Однако “Гервасия” в сундучке хранит и заставляет читать.
Мальчик с трудом читает название книги: “Толкование воскресных евангелий с нравоучительными беседами, сочиненное Никифором архиепископом Славенским, переведено с греческого в Казанской академии иеродиаконом Гервасием”. Колдун хохочет.
И так же смеется Колдун, когда Алеша читает ему готический роман Анны Радклиф вперемежку со статьями Чернышевского, масонский “Камень веры” и антимасонский манифест Уилсона “Масон без маски, или Подлинные таинства масонские…”. Смешно Колдуну. Но не Алеше…

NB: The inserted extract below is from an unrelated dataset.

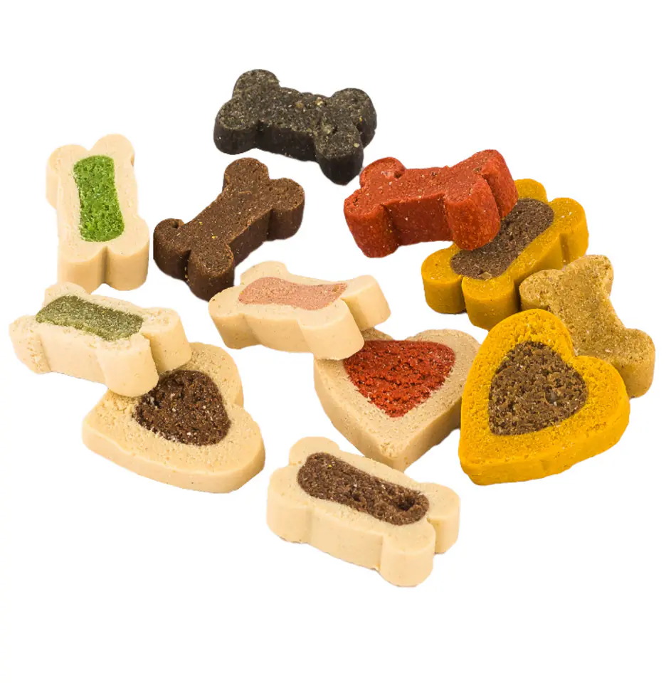 Skład: zboża, mięso i produkty pochodzenia zwierzęcego, ryż, produkty roślinne, oleje, tłuszcze, konserwanty, barwniki (wołowina 5%, jagnięcina 5%, łosoś 5%, drób 5%)

Колдун по-своему любит Алешу, тайно надеясь заманить в силки какой-то своей веры, испытывая на духовную прочность. И Алеше нравится Колдун. Колдун отличается от “людей”. Есть в нем загадка, ошибка в сотворении человека злым и неправильным дедушкиным Богом. Истина “что не от Бога, то от дьявола” заключает в себе, по мнению Алеши, прямолинейную и неинтересную мораль. Как и конец сказки о гордом Колобке.
“– Пешков, иди читать.
– У меня немытой посуды много.
– Максим вымоет.
Он грубо гнал старшего посудника на мою работу, тот со зла бил стаканы, а буфетчик смиренно предупреждал меня:
– Ссажу с парохода…”
Но ссадил с парохода Алешу сам Колдун.
“Взяв меня под мышки, приподнял, поцеловал и крепко поставил на палубу на пристани. Мне было жалко и его и себя; я едва не заревел, глядя, как он возвращается на пароход, расталкивая крючников, большой, тяжелый, одинокий…
Сколько потом встретил я подобных ему добрых, одиноких, отломившихся от жизни людей!..”
Правильнее сказать: отломившихся от людей человеков.
Второй искуситель
Повесть “Мои университеты”:
“Итак – я еду учиться в Казанский университет, не менее того. Мысль об университете внушил мне гимназист Н. Евреинов, милый юноша, красавец с ласковыми глазами женщины. Он жил на чердаке в одном доме со мною, он часто видел меня с книгой в руке, это заинтересовало его, мы познакомились, и вскоре Евреинов начал убеждать меня, что я «обладаю исключительными способностями к науке»”.
Так на пути нижегородского Колобка возник еще один искуситель. В его облике, в отличие от кряжистого колдуна Смурого, есть что-то женское. Евреинов ветрен и легкомыслен. Коварно совращает Алексея на путь служения науке и бросает его мыкаться в Казани.
Во всяком случае, так изображен в повести молодой Николай Владимирович Евреинов (1864–1934). На этот раз несомненно реальный человек, сын письмоводителя, гимназист, студент физико-математического факультета Казанского университета, добровольно, в знак протеста, покинувший университетские стены после разгрома студенческого движения за отмену сословных ограничений при приеме в университет. Вместе с ним подписал коллективное письмо Владимир Ульянов, будущий Ленин.
Горький не осуждает Евреинова ни в “Моих университетах”, ни позже в письмах к Груздеву, понимая, что юношей двигало доброе сердце. Он подарил Алеше несколько недель сладких иллюзий. “…В Казани я буду жить у него, пройду за осень и зиму курс гимназии, сдам «кое-какие» экзамены – он так и говорил: «кое-какие», – в университете мне дадут казенную стипендию, и лет через пять я буду «ученым»…”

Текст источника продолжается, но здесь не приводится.